Version 4.0 of the survey package is on its way to CRAN.
There are two main updates, which improve the estimation of contrasts
First, a couple of improvements to the handling of replicates. When svycontrast
is used on an object that includes replicate estimates, the estimates will now be transformed and then used to estimate a variance, rather than using the delta method. I think that’s the right thing to do, though you might also want to compute a confidence interval on the original scale and transform the interval. Also, there’s a function to estimate variances from a set of arbitrarily transformed replicates, eg correlation matrices
dstrat <- svydesign(id=~1,strata=~stype, weights=~pw, data=apistrat, fpc=~fpc)
bstrat<- as.svrepdesign(dstrat,type="subbootstrap")
v <- svyvar(~api00+api99, bstrat, return.replicates=TRUE)
vcor<-cov2cor(as.matrix(v))[2,1]
vreps<-v$replicates
correps<-apply(vreps,1, function(v) v[2]/sqrt(v[1]*v[4]))
vcov(bstrat,correps, centre=vcor)
## [1] 1.486932e-05
## attr(,"means")
## [1] 0.9751789
Second, some functions (so far, svymean
, svytotal
, svyratio
, svykappa
,svyglm
, svymle
) have the option to return influence functions as an attribute of the estimate. This allows svyby
to estimate a covariance matrix including between-domain covariances, so that confidence intervals and standard errors are available for between-domain contrasts. Previously, they have only been available for replicate-weight designs (though for totals and means you could get them with an appropriate regression model). Returning influence functions is not the default, because they can take up a lot of space.
For example
dclus1<-svydesign(id=~dnum, weights=~pw, data=apiclus1, fpc=~fpc)

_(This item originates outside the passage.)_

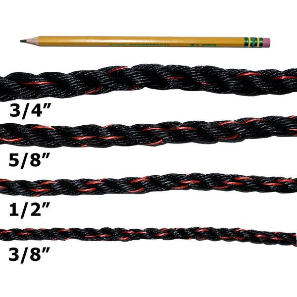 3/4 in. x 50 ft. 3 Strand Twisted Polypropylene General Use Truck Rope-Black With Orange Tracer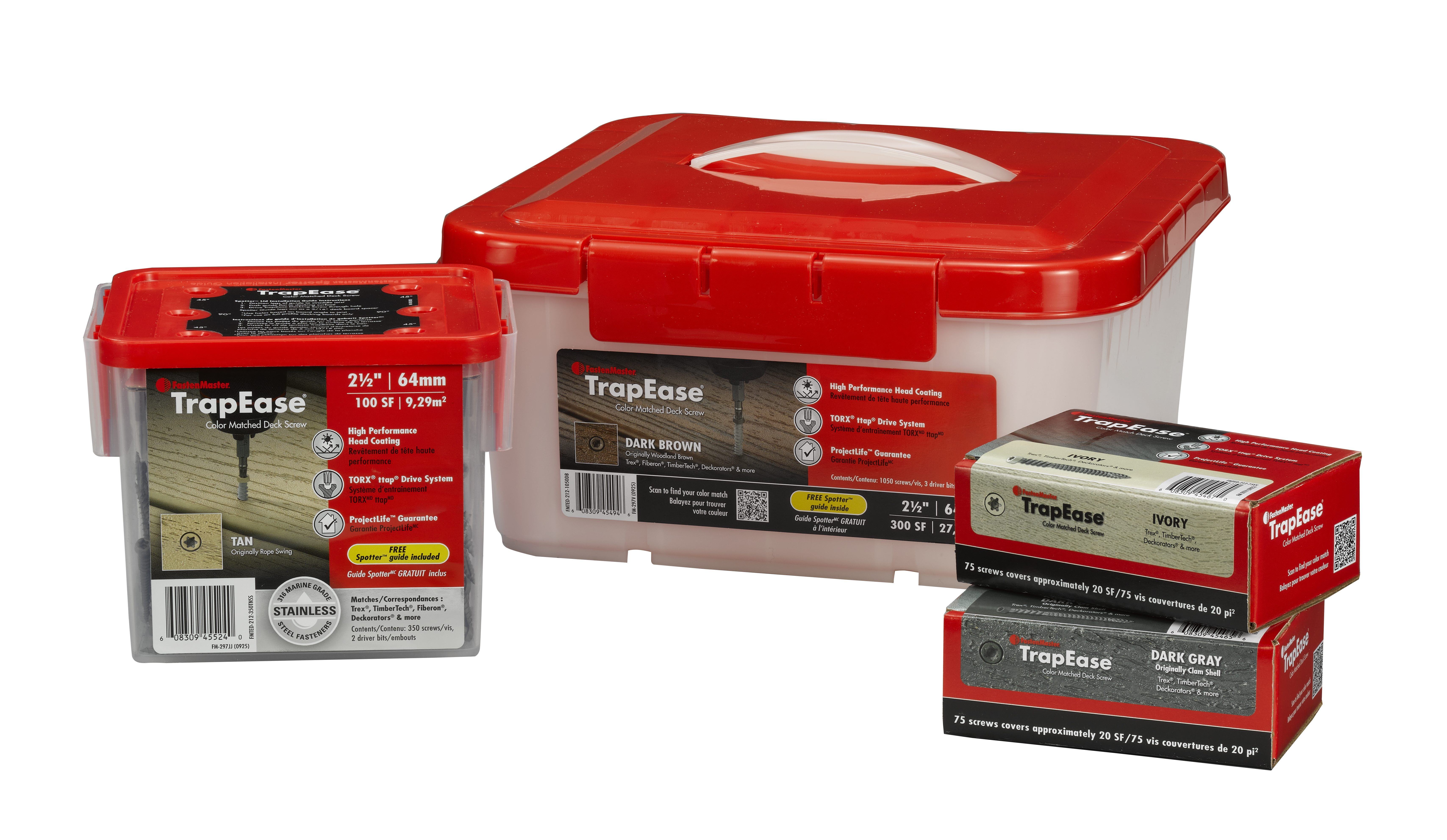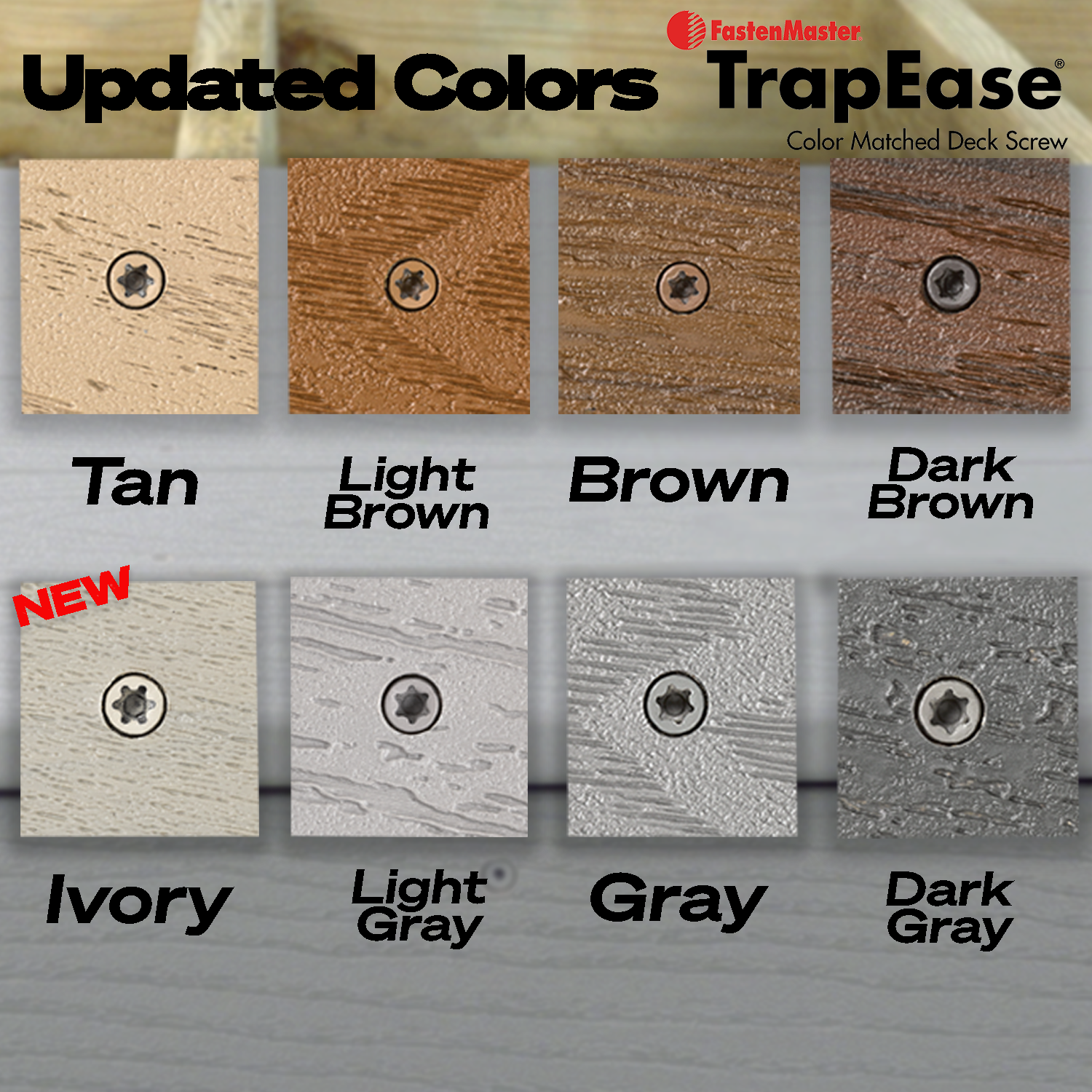 TrapEase® Color Matched Deck Screws create a beautiful color matched finish in leading deck board brands.

totals<-svyby(~enroll, ~stype, svytotal,
design=dclus1, covmat=TRUE)
svycontrast(totals, quote(E/H))
## nlcon SE
## contrast 3.939 1.4319
svycontrast(totals, quote(E-H))
## nlcon SE
## contrast 1574122 543747
The only important function where this does not look feasible is svyquantile
, because of the lack of smoothness (though there are tests for equality of quantiles between groups available with svyranktest
.)
Other changes
There is a function svynls()
to do non-linear least-squares with probability weights. It does most of its work by calling nls
, so if you know how to fit your model with nls
you’ll be ok.
There are also a couple of significant documentation notes
- Lots of people have asked how to get ‘robust’ standard errors for quasipoisson models fitted with
svyglm
, so there is a note saying that there isn’t any choice: the standard error estimates are generalisations of the ‘sandwich’ standard errors - I had an interesting exchange about standard errors in
predict.svyglm
. I implemented these the obvious way: \[\mathrm{var}[x\hat\beta]=x^T\mathrm{var}[\hat\beta]x.\] For the special case where the new value of \(x\) is the true population mean, most people use a different standard error estimator that’s a rescaling of the weighted residual mean square (especially in simple random samples in textbooks, but also in real life). If I’m reading Chapter 2 of Fuller’s Sampling Statistics correctly, my estimator is noisier, but is valid under weaker assumptions.